Storage & Run Manifest Spec (v1)

There are two main locations:

  1. $SAEV_SCRATCH/saev/shards: where we store transformer activations (referred to as shards_root in the codebase).
  2. $SAEV_NFS/saev/runs: where we store checkpoints and other computed intermediate stuff like example images, probe1d results, etc. (referred to as runs_root in the codebase).

Visually, these are:

$SAEV_SCRATCH/saev/
  shards/
    <shard_hash>/
      metadata.json
      shards.json
      acts000000.bin
      acts000001.bin
      ...
      labels.bin

and

$SAEV_NFS/saev/
  runs/
    <run_id>/
      checkpoint/           # output of train.py on <shard_hash>
        sae.pt
        config.json
      links/                # Symlinks
        train-shards        # $SCRATCH/saev/shards/<shard_hash>
        train-dataset       # Whatever the original image dataset was
        val-shards          # $SCRATCH/saev/shards/<shard_hash>
        val-dataset         # Whatever the original image dataset was
      inference/            # outputs from dump.py
        <shard_hash>/
          config.json
          patch_acts.npz
          visuals/          # output of visuals.py

Each $SAEV_SCRATCH/shards/<shard_hash>/ MUST include:

  • metadata.json (UTF-8, canonical spec; see protocol.md)
  • shards.json (UTF-8, shard index and sizes; see protocol.md)
  • acts*.bin (binary shards; format in protocol.md)
  • labels.bin (binary patch labels aligned to shards; format in protocol.md)

Note

Immutability: Files under saev/shards/<shard_hash>/ MUST be treated as read-only after publication. Any change yields a new shard_hash.

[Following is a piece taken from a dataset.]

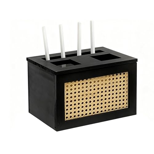 Rattan WiFi Router Storage Box, WiFi Router Modem, WiFi Wireless Router Storage Box, Power Strip and Cable Management Holder Rack Creative Desktop Organizer Shelves(Black)

All CLI entrypoints should accept a single --run <path> argument. Every other path MUST be resolved from the run root:

  • ViT activations: links/shardssaev/shards/<shard_hash>
  • Dataset: links/dataset → Dataset root, wherever it is on disk.
  • SAE checkpoint: checkpoint/sae.pt

Example resolution:

run = pathlib.Path(cfg.run)
shards_root = (run / "links" / "shards").resolve()
dataset_root = (run / "links" / "dataset").resolve()
ckpt = run / "checkpoint" / "sae.pt"
labels = vit_root / "labels.bin"
  • $SAEV_SCRATCH and $SAEV_NFS should be set for all users/processes running saev tools.

FAQs

  • Where do patch labels live? Next to acts*.bin in $SAEV_SCRATCH/shards/<shard_hash>/labels.bin. Scripts discover them via links/shards/labels.bin.

  • Can I put datasets directly in $SAEV_SCRATCH? Sure, but not in $SAEV_SCRATCH/shards.